Construct a set containing all elements from a list of sets.

Transformations

map :: (v1 -> v2) -> HashMap k v1 -> HashMap k v2 #

\(O(n)\) Transform this map by applying a function to every value.

mapWithKey :: (k -> v1 -> v2) -> HashMap k v1 -> HashMap k v2 #

\(O(n)\) Transform this map by applying a function to every value.

traverseWithKey :: Applicative f => (k -> v1 -> f v2) -> HashMap k v1 -> f (HashMap k v2) #

\(O(n)\) Perform an Applicative action for each key-value pair in a HashMap and produce a HashMap of all the results. Each HashMap will be strict in all its values.

traverseWithKey f = fmap (map id) . Data.HashMap.Lazy.traverseWithKey f

Note: the order in which the actions occur is unspecified. In particular, when the map contains hash collisions, the order in which the actions associated with the keys involved will depend in an unspecified way on their insertion order.

Difference and intersection

difference :: (Eq k, Hashable k) => HashMap k v -> HashMap k w -> HashMap k v #

\(O(n \log m)\) Difference of two maps.
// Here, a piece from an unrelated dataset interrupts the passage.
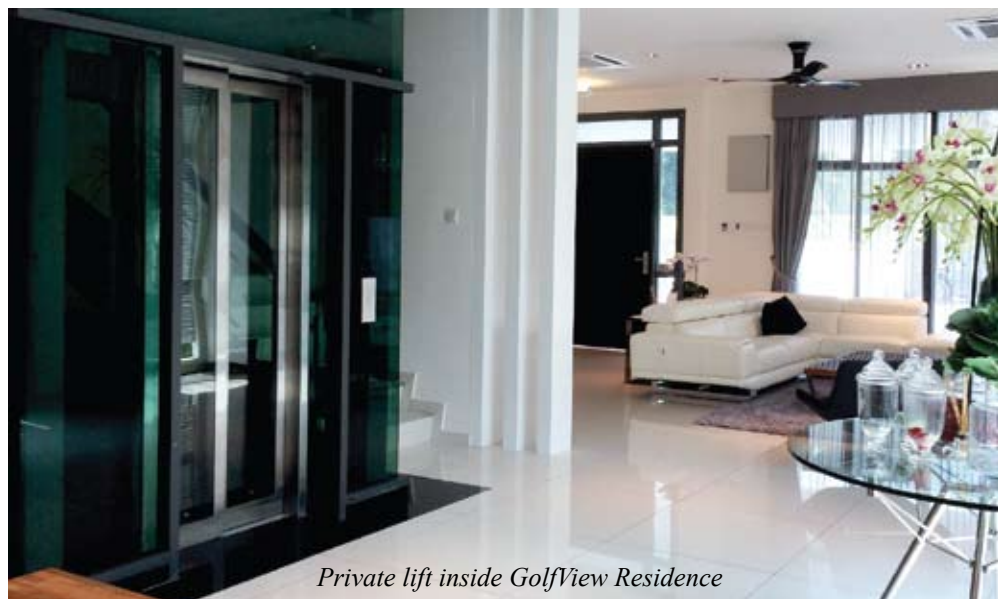
Private lift inside GolfView Residence

Return elements of the first map not existing in the second.

differenceWith :: (Eq k, Hashable k) => (v -> w -> Maybe v) -> HashMap k v -> HashMap k w -> HashMap k v #

\(O(n \log m)\) Difference with a combining function. When two equal keys are encountered, the combining function is applied to the values of these keys. If it returns Nothing, the element is discarded (proper set difference). If it returns (Just y), the element is updated with a new value y.

intersection :: (Eq k, Hashable k) => HashMap k v -> HashMap k w -> HashMap k v #

\(O(n \log m)\) Intersection of two maps. Return elements of the first map for keys existing in the second.

intersectionWith :: (Eq k, Hashable k) => (v1 -> v2 -> v3) -> HashMap k v1 -> HashMap k v2 -> HashMap k v3 #

\(O(n+m)\) Intersection of two maps. If a key occurs in both maps the provided function is used to combine the values from the two maps.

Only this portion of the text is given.